German zoologist, taxidermist and aviculturist (1883–1932)

Magdalena Heinroth née Wiebe (22 April 1883 - 15 August 1932) was a German ornithologist, aviculturist and taxidermist who studied numerous birds in captivity, raising them from chicks to adults. She was married to Oskar Heinroth.

== Biography ==
Magdalena was born in Berlin, daughter of Adolf Wiebe and a relative Helene (sharing the family name Wiebe) who came from families in the Prussian civil service. She took an early interest in animals on family visits to the zoo. At the age of 12 she had an ear injury and had to undergo an operation.
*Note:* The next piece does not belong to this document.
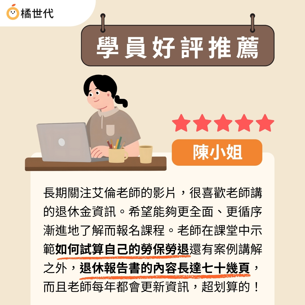 課程結束後,報告書也能作為日後查閱與規劃退休的重要參考工具。此外,報告書內容將每年更新一次,補充最新勞保與勞退制度與數據,讓學員能持續掌握制度變化。

She took a keen interest in anatomy, asking the surgeon many questions. Magdalena Heinroth was also influenced by a natural history teacher Seinig who showed her how to prepare skeleton specimens. She then set up a small personal museum and also learned illustration techniques from an experienced woman, professor Ewald.

Along with her father, the sixteen year old Magdalena went to the Zoologisches Museum, today Museum für Naturkunde Berlin, and the curator Karl August Möbius who sent her to Oskar Heinroth, then a volunteer. She worked for a while in taxidermy under the preparator Richard Lemm and her works were made use of in the Die Vögel Mitteleuropas (1928-1933). In 1902 Heinroth got engaged with Magdalena with the gift of a blackcap (Sylvia atricapilla). The couple got married when Oskar Heinroth became assistant director at the Zoologischer Garten Berlin in 1904.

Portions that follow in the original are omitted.